(Provided data)
== Segment start ==

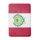 Bath mat with flag of city of Raleigh, North Carolina; flag with three vertical bands of red and white with city’s seal in the centre
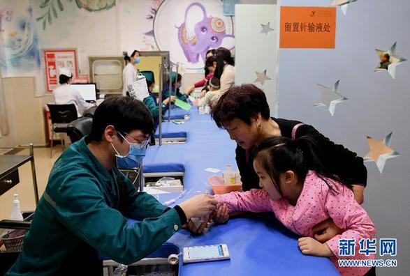 1月3日,在鄭州市兒童醫院輸液大廳,醫務人員在為患兒輸液。當下正值流感高發季節,河南省鄭州市各大醫院的兒科門診就診患者數量增多,其中大部分是呼吸道疾病的孩子。醫務人員提醒市民,預防流感應保持良好的衛生習慣,兒童患流感后要及早就醫,防止重癥流感發生。新華社記者 李安 攝
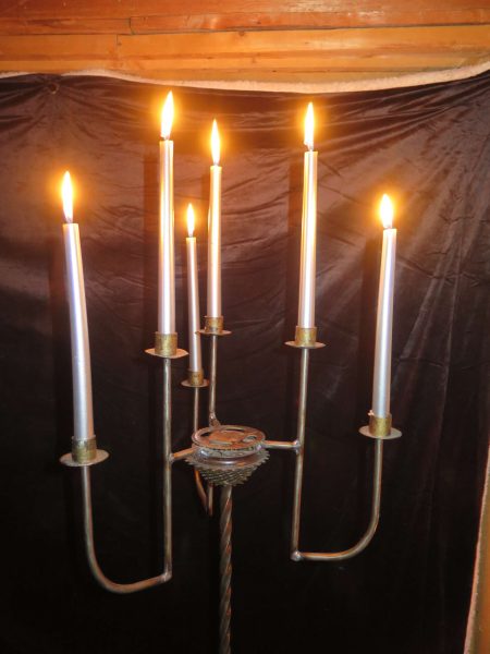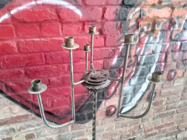 $15.00Chandelier en acier recyclé pour 6 bougies – 58″ de haut

== Segment end ==

(Your objective) Give back the material word for word, without images.

(Task response)
 Bath mat with flag of city of Raleigh, North Carolina; flag with three vertical bands of red and white with city’s seal in the centre
 1月3日,在鄭州市兒童醫院輸液大廳,醫務人員在為患兒輸液。當下正值流感高發季節,河南省鄭州市各大醫院的兒科門診就診患者數量增多,其中大部分是呼吸道疾病的孩子。醫務人員提醒市民,預防流感應保持良好的衛生習慣,兒童患流感后要及早就醫,防止重癥流感發生。新華社記者 李安 攝
 $15.00Chandelier en acier recyclé pour 6 bougies – 58″ de haut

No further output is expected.